About this task. The needed output is the run of lines below from the one containing "Draped bustier bodysuit" through the one containing "We present the", copied exactly and free of pictures.

Input data.
▬▬▬
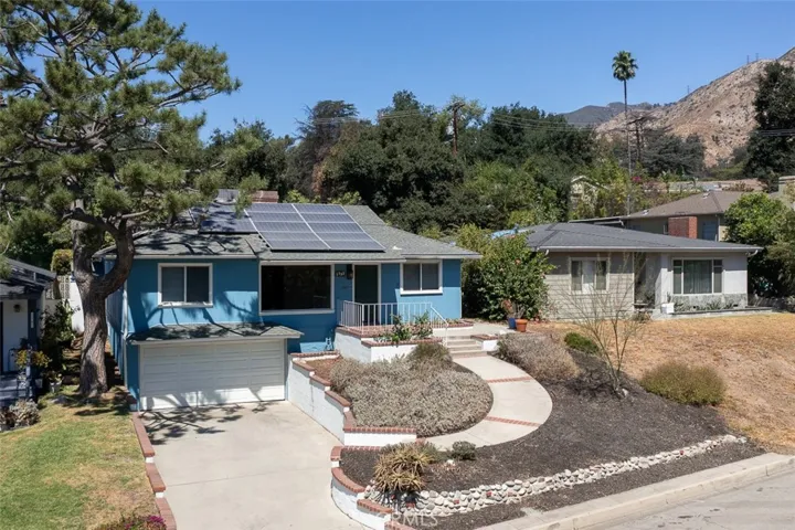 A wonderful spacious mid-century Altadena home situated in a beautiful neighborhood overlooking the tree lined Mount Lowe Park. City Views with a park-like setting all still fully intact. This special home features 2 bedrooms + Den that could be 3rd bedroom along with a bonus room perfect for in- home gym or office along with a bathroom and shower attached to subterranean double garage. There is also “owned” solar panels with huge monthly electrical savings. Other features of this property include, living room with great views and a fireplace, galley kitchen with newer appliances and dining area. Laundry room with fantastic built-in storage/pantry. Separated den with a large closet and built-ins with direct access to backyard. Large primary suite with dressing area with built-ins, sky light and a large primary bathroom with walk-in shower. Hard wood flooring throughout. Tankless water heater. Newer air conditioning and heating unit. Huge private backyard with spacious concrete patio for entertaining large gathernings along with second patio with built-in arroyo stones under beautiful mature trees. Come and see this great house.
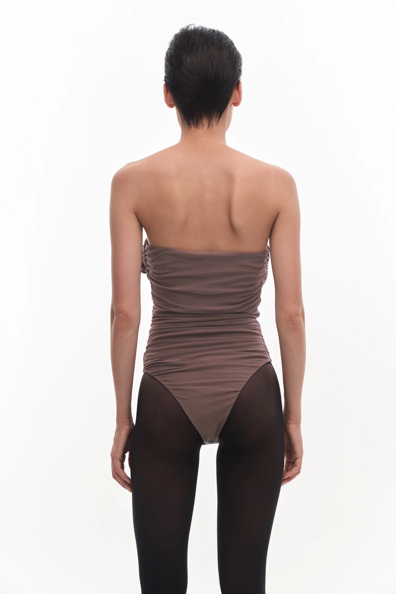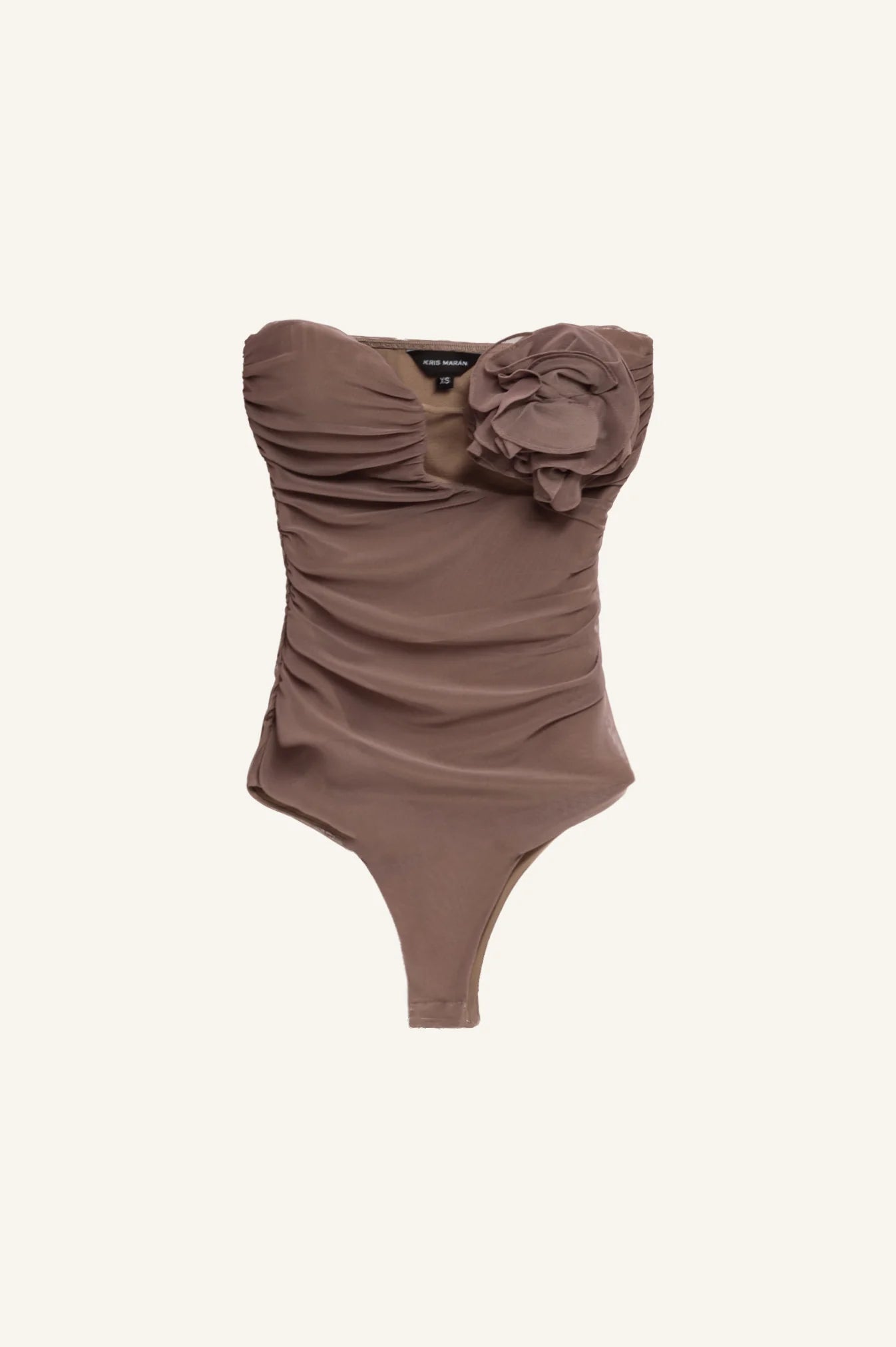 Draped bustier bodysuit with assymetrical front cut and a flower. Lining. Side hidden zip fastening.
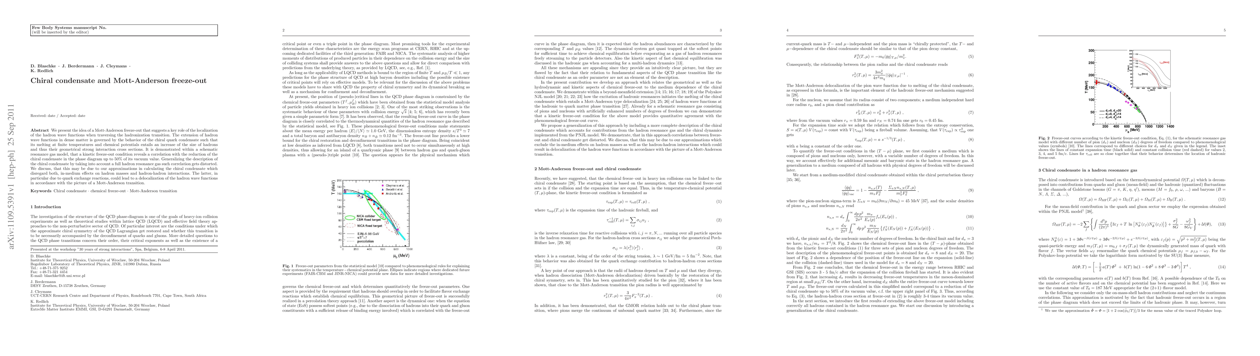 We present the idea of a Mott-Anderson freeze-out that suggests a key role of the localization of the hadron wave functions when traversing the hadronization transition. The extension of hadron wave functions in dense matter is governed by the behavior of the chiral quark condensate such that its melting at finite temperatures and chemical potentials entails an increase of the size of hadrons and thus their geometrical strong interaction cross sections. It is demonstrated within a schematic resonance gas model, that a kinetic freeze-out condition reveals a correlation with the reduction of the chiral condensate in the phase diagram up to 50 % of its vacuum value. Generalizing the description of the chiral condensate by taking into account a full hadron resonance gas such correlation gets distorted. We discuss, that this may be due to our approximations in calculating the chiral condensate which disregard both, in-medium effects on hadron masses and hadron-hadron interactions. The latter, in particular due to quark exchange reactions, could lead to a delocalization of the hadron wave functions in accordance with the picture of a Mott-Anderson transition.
▬▬▬
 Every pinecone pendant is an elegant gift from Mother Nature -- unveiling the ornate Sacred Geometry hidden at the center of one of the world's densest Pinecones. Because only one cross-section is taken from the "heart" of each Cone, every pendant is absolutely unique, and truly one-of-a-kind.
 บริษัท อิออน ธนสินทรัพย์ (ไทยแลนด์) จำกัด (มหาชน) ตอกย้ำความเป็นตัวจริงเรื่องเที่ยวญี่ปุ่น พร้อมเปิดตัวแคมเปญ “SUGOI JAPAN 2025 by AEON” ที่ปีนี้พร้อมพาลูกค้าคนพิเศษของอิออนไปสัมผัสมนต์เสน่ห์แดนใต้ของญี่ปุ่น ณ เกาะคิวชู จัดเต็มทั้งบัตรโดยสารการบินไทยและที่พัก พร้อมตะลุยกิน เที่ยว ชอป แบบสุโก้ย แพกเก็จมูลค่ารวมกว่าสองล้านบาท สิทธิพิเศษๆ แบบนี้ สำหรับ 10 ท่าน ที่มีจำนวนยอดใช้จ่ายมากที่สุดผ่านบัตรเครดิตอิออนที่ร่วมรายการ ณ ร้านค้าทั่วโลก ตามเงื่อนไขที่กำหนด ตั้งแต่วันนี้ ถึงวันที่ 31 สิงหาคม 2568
▬▬▬
Answer to the problem.
 Draped bustier bodysuit with assymetrical front cut and a flower. Lining. Side hidden zip fastening.
 We present the idea of a Mott-Anderson freeze-out that suggests a key role of the localization of the hadron wave functions when traversing the hadronization transition. The extension of hadron wave functions in dense matter is governed by the behavior of the chiral quark condensate such that its melting at finite temperatures and chemical potentials entails an increase of the size of hadrons and thus their geometrical strong interaction cross sections. It is demonstrated within a schematic resonance gas model, that a kinetic freeze-out condition reveals a correlation with the reduction of the chiral condensate in the phase diagram up to 50 % of its vacuum value. Generalizing the description of the chiral condensate by taking into account a full hadron resonance gas such correlation gets distorted. We discuss, that this may be due to our approximations in calculating the chiral condensate which disregard both, in-medium effects on hadron masses and hadron-hadron interactions. The latter, in particular due to quark exchange reactions, could lead to a delocalization of the hadron wave functions in accordance with the picture of a Mott-Anderson transition.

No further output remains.